▸ **Work to be completed**:
Images do not belong in the copy. Set down all the entries exactly.

[Records drawn from a dataset]

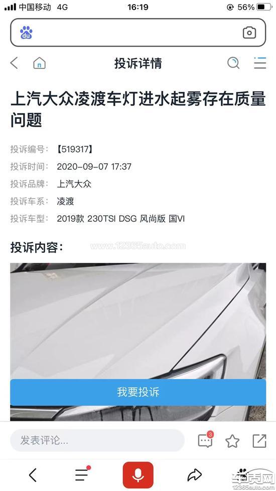 19款大众凌渡原厂大灯存在质量问题,不仅仅是我这一台,很多都有这样的情况,雾气,进水,车子从来没有碰过剐蹭。这款车的大灯都出现了同样的毛病,这就是通病,我想问下大众厂家,这样的质量还能在市场上出现然后再进行销售嘛?你让消费者如何来接受,让消费者自己买单嘛?如果得不到解决,我将曝光质量问题。
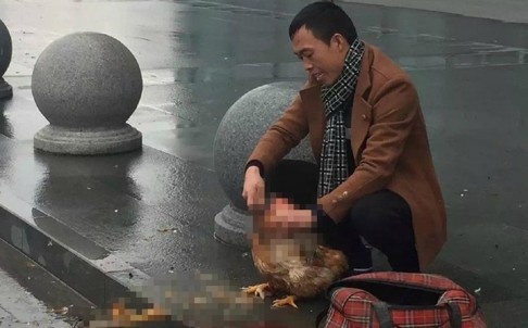 | Người đàn ông giết hai con gà để làm quà cho gia đình ở quê và tránh bị yêu cầu rời khỏi tàu do mang theo gia cầm sống. Ảnh: Gwm.cn |
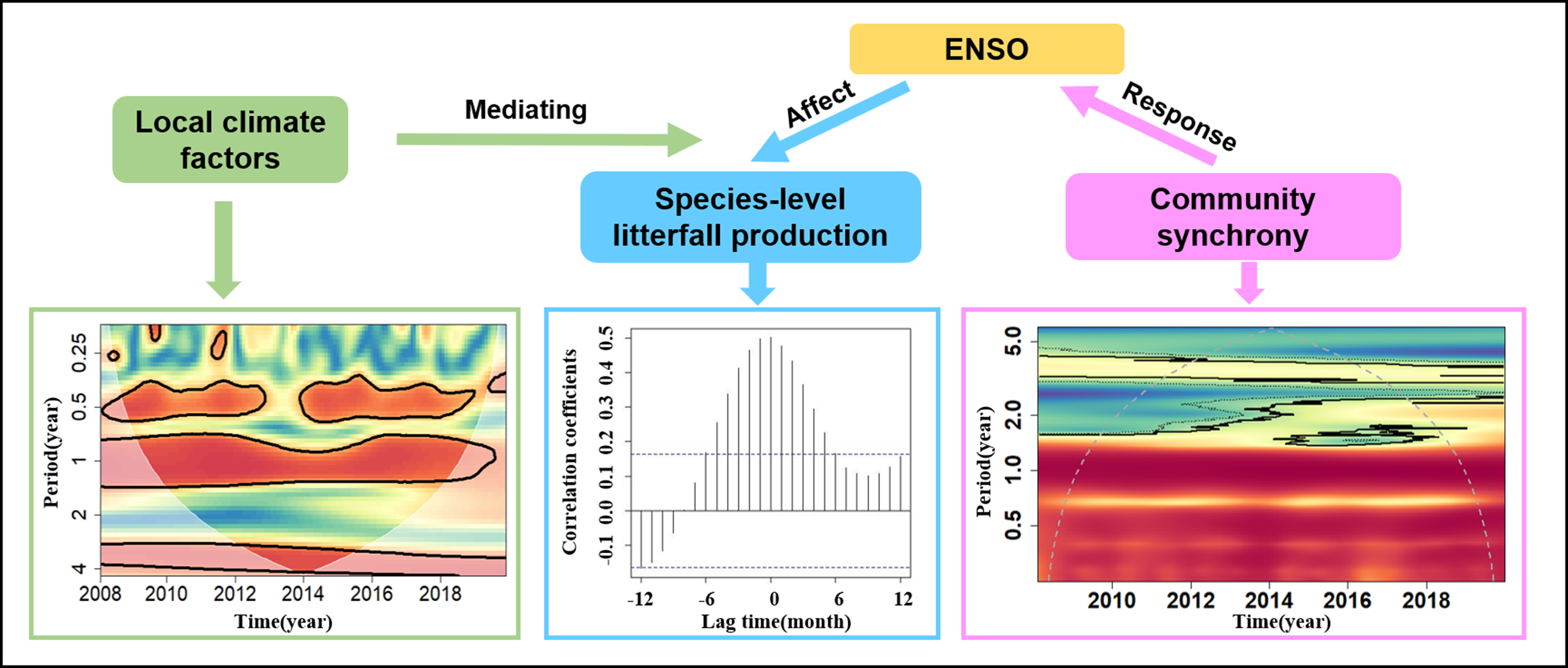 鉴于此,我室基于长白山25ha阔叶红松林样地12年间的262次凋落物收集数据,应用时间序列和小波分析方法探究了ENSO对温带森林物种水平种子及凋落叶产量的影响。研究发现:ENSO与长白山地区主要树种的种子及凋落叶产量均具有显著的相关性(r=0.206-0.258),尤其 ENSO指数对假色槭种子及凋落叶产量波动的解释力度达到了51%和45%。除此之外,研究首次发现了温带森林不同物种的凋落叶产量对ENSO的响应具有同步性;同时,种子产量季节同步性在厄尔尼诺发生的年份显著增强,但是在ENSO尺度上没有发现种子产量的同步性变化。局部气象因子的变化显著介导了ENSO对凋落物产量变异的影响,我们发现研究区的降雨和相对湿度分别介导了ENSO对水曲柳种子和紫椴种子的影响。此研究进一步证实了ENSO对温带森林的调控作用,为今后进一步了解温带森林对全球变化的响应提供了有利的支撑。
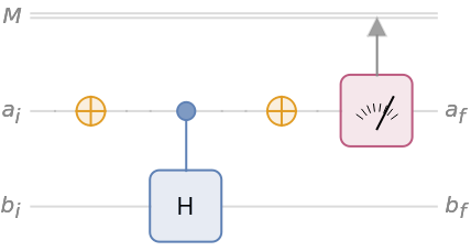 Measurement operators can also be added to a quantum circuit. For a single-qubit unitary operator with eigenvalues ±1, a measurement of can be implemented in the following circuit (note that here, Pauli-Y is considered a operator):
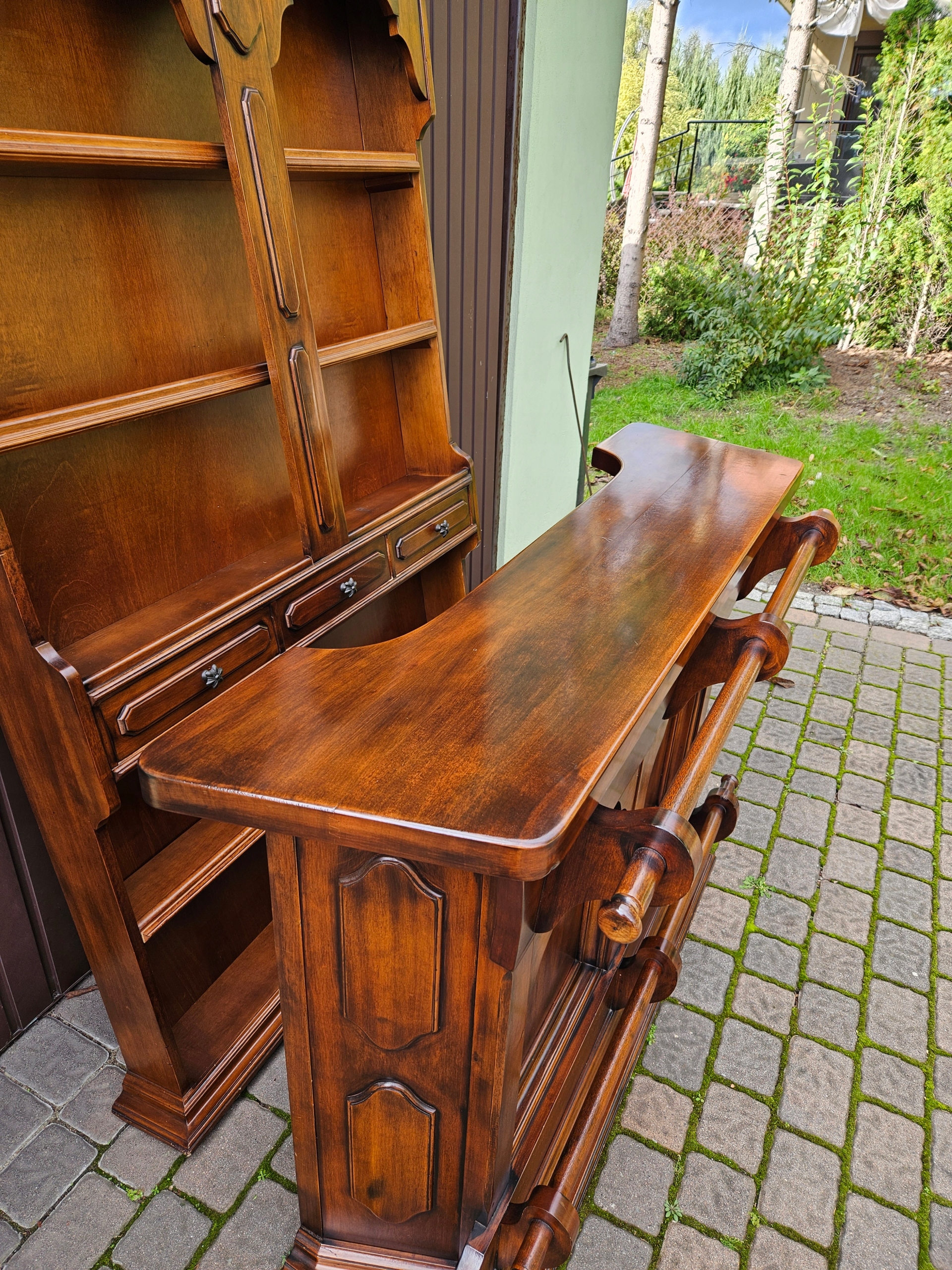 Стильний дерев'яний бар з полицею та великим зручним буфетом. Меблі виконані з масиву, в теплих коричневих тонах. Ціле створює функціонально-декоративний комплект меблів, який може бути привабливим елементом обладнання вітальні чи їдальні.
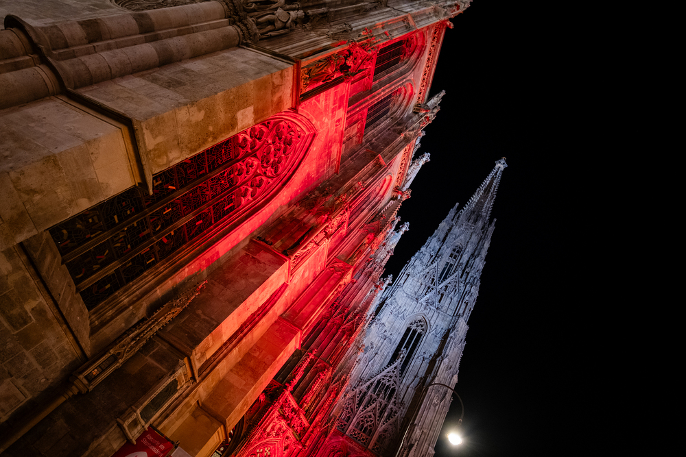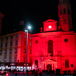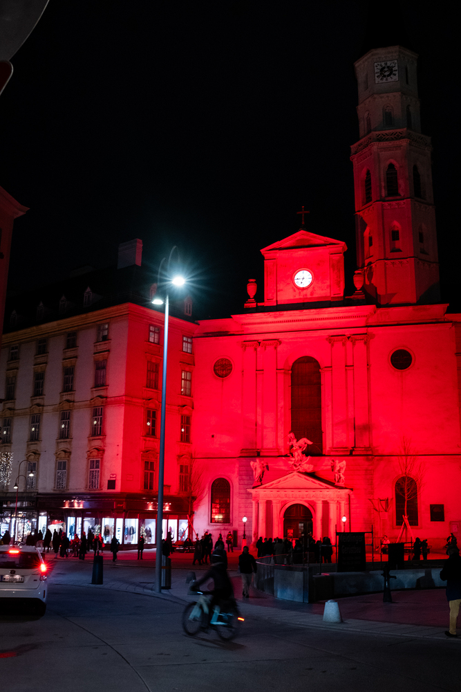 Das Hilfswerk Kirche in Not initiierte den „Red Wednesday“, um auf Christenverfolgung hinzuweisen. Viele Kirchen, Klöster und das Bundeskanzleramt sowie diePräsidentschaftskanzlei leuchten in der Erzdiözese Wien und Österreich am Mittwoch rot. Wir waren mit der Kamera dabei.

▸ **Solution**:
 19款大众凌渡原厂大灯存在质量问题,不仅仅是我这一台,很多都有这样的情况,雾气,进水,车子从来没有碰过剐蹭。这款车的大灯都出现了同样的毛病,这就是通病,我想问下大众厂家,这样的质量还能在市场上出现然后再进行销售嘛?你让消费者如何来接受,让消费者自己买单嘛?如果得不到解决,我将曝光质量问题。
 | Người đàn ông giết hai con gà để làm quà cho gia đình ở quê và tránh bị yêu cầu rời khỏi tàu do mang theo gia cầm sống. Ảnh: Gwm.cn |
 鉴于此,我室基于长白山25ha阔叶红松林样地12年间的262次凋落物收集数据,应用时间序列和小波分析方法探究了ENSO对温带森林物种水平种子及凋落叶产量的影响。研究发现:ENSO与长白山地区主要树种的种子及凋落叶产量均具有显著的相关性(r=0.206-0.258),尤其 ENSO指数对假色槭种子及凋落叶产量波动的解释力度达到了51%和45%。除此之外,研究首次发现了温带森林不同物种的凋落叶产量对ENSO的响应具有同步性;同时,种子产量季节同步性在厄尔尼诺发生的年份显著增强,但是在ENSO尺度上没有发现种子产量的同步性变化。局部气象因子的变化显著介导了ENSO对凋落物产量变异的影响,我们发现研究区的降雨和相对湿度分别介导了ENSO对水曲柳种子和紫椴种子的影响。此研究进一步证实了ENSO对温带森林的调控作用,为今后进一步了解温带森林对全球变化的响应提供了有利的支撑。
 Measurement operators can also be added to a quantum circuit. For a single-qubit unitary operator with eigenvalues ±1, a measurement of can be implemented in the following circuit (note that here, Pauli-Y is considered a operator):
 Стильний дерев'яний бар з полицею та великим зручним буфетом. Меблі виконані з масиву, в теплих коричневих тонах. Ціле створює функціонально-декоративний комплект меблів, який може бути привабливим елементом обладнання вітальні чи їдальні.
 Das Hilfswerk Kirche in Not initiierte den „Red Wednesday“, um auf Christenverfolgung hinzuweisen. Viele Kirchen, Klöster und das Bundeskanzleramt sowie diePräsidentschaftskanzlei leuchten in der Erzdiözese Wien und Österreich am Mittwoch rot. Wir waren mit der Kamera dabei.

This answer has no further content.